[TASK MATERIAL]

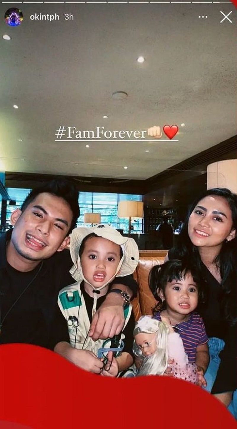 Beberapa waktu lalu, Okin juga sempat mengunggah foto di Instagram Story bersama Rachel serta kedua buah hati mereka, dengan caption #FamForever.
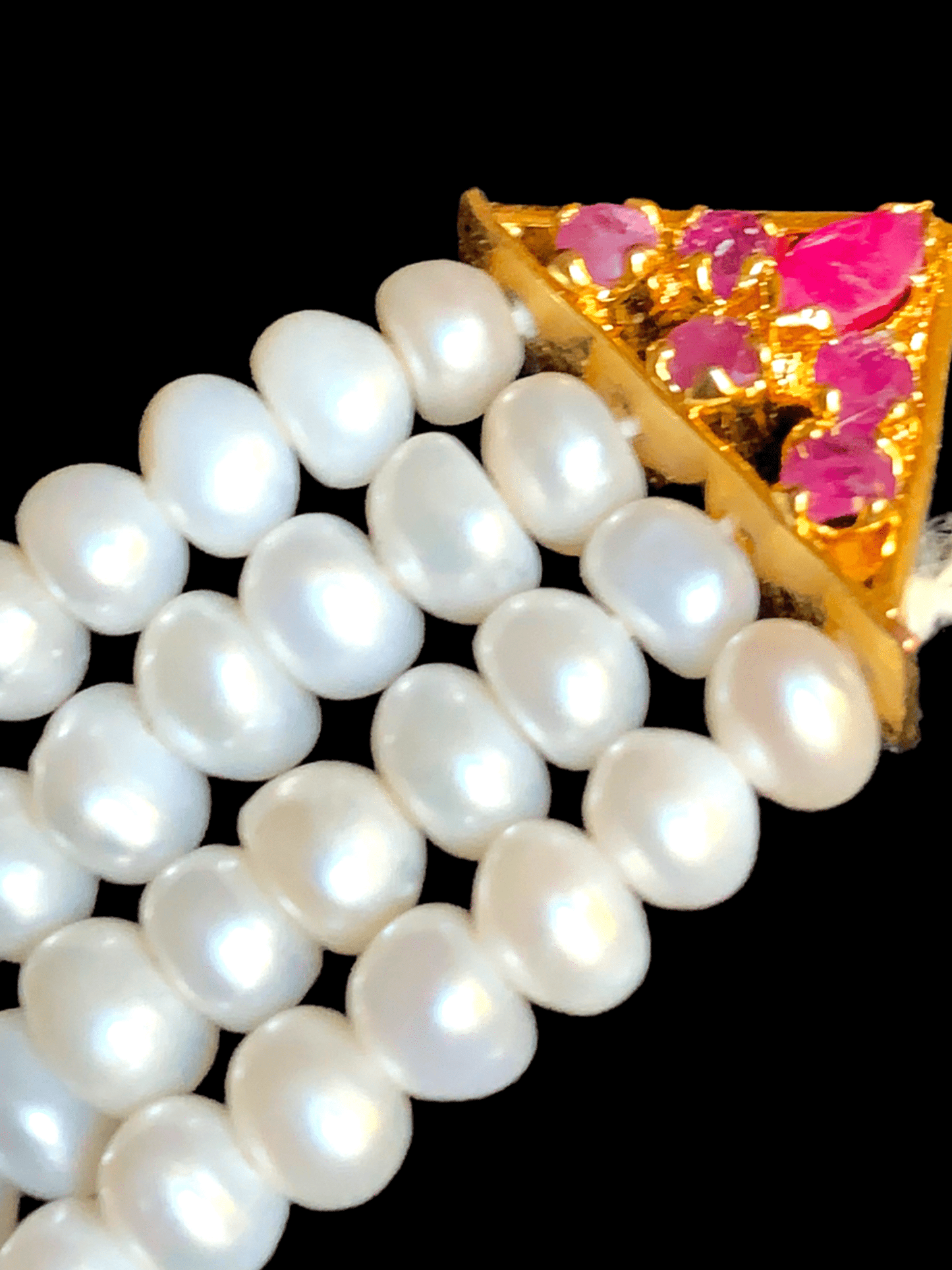 made using fresh water pearls with ruby stones
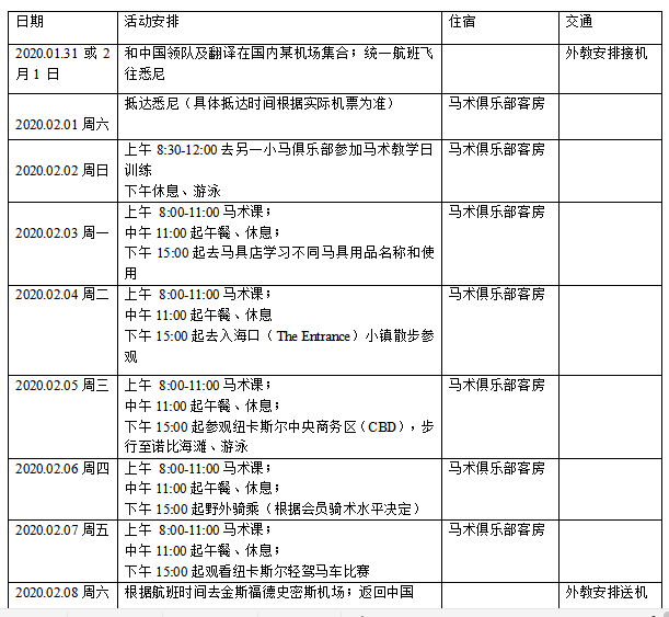 2. 获奖会员将于寒假期间(2020年2月1-8日)赴澳洲参加马术营,学习马术、访问当地马术俱乐部、参观马术比赛、旅游等。(行程有可能根据实际情况有所调整,以CPC通知为主)
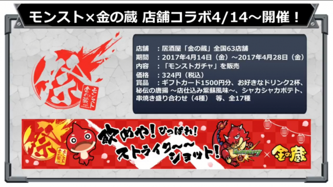 全国に63店舗ある、居酒屋の金の蔵さんとモンスターストライクがコラボします!
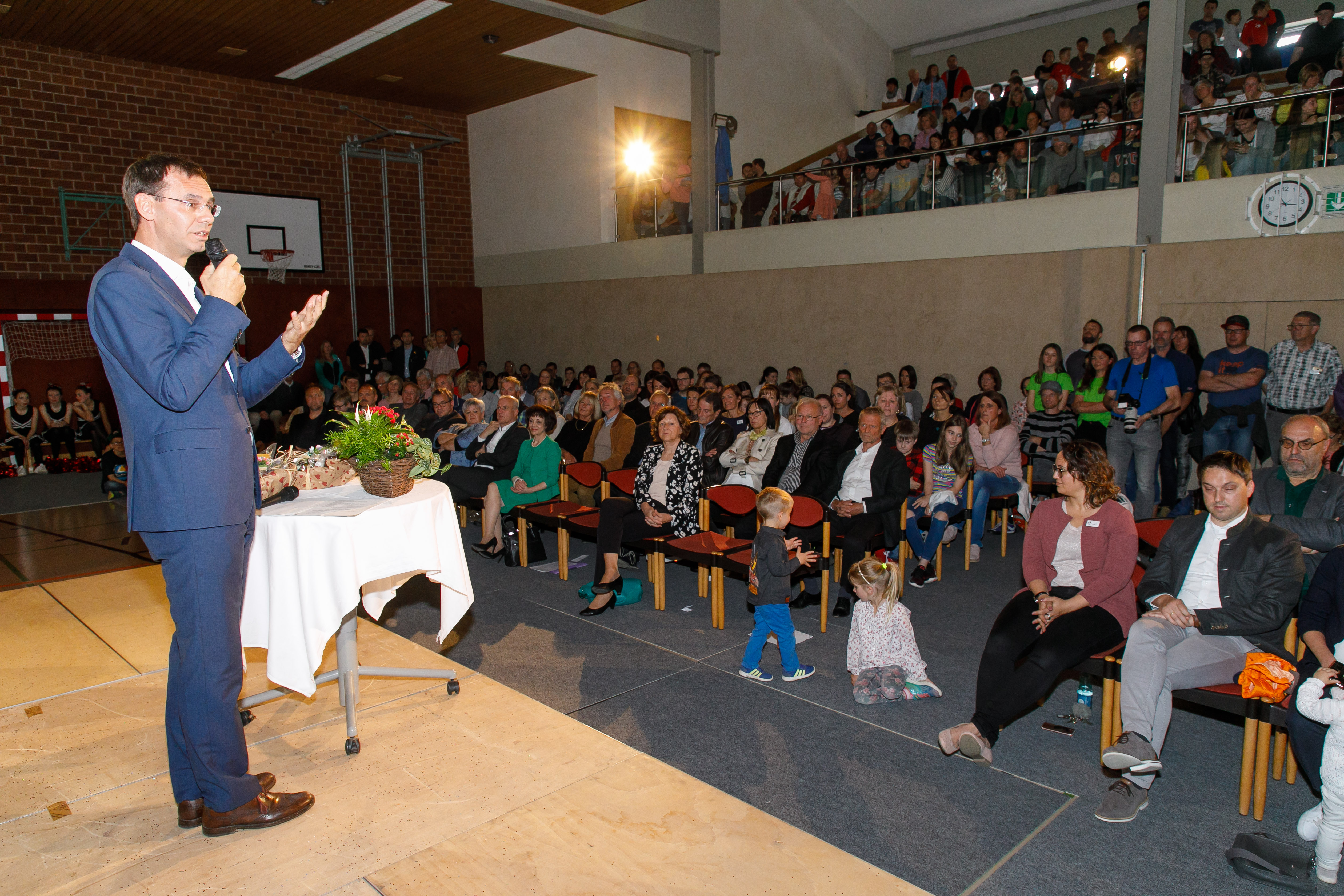 Bürgermeister Andi Haid sprach beim Festakt von einer "wichtige Bildungsinvestition". Im Zuge der Modernisierung sei ein Raumkonzept umgesetzt worden, das an neuesten pädagogischen Erkenntnissen angelehnt ist, erläuterte der Bürgermeister. So wären die Stammklassen räumlich um sogenannte Lernwerkstätten ergänzt worden. Durch die so entstandenen Lernlandschaften wird es den Schülerinnen und Schüler möglich, Arbeitsaufträge individuell mit Hilfe der bereitstehenden Unterrichtsmittel zu bearbeiten. "Neben den Schülerinnen und Schülern profitieren auch die Lehrkräfte von der qualitativ hochwertigen Infrastruktur", sagte Haid.

[EXERCISE DETAILS] Leaving out every picture, copy exactly the lines from the one that contains "made using fresh" through the end of the entries above.

[RESPONSE TO THIS EXERCISE]
 made using fresh water pearls with ruby stones
 2. 获奖会员将于寒假期间(2020年2月1-8日)赴澳洲参加马术营,学习马术、访问当地马术俱乐部、参观马术比赛、旅游等。(行程有可能根据实际情况有所调整,以CPC通知为主)
 全国に63店舗ある、居酒屋の金の蔵さんとモンスターストライクがコラボします!
 Bürgermeister Andi Haid sprach beim Festakt von einer "wichtige Bildungsinvestition". Im Zuge der Modernisierung sei ein Raumkonzept umgesetzt worden, das an neuesten pädagogischen Erkenntnissen angelehnt ist, erläuterte der Bürgermeister. So wären die Stammklassen räumlich um sogenannte Lernwerkstätten ergänzt worden. Durch die so entstandenen Lernlandschaften wird es den Schülerinnen und Schüler möglich, Arbeitsaufträge individuell mit Hilfe der bereitstehenden Unterrichtsmittel zu bearbeiten. "Neben den Schülerinnen und Schülern profitieren auch die Lehrkräfte von der qualitativ hochwertigen Infrastruktur", sagte Haid.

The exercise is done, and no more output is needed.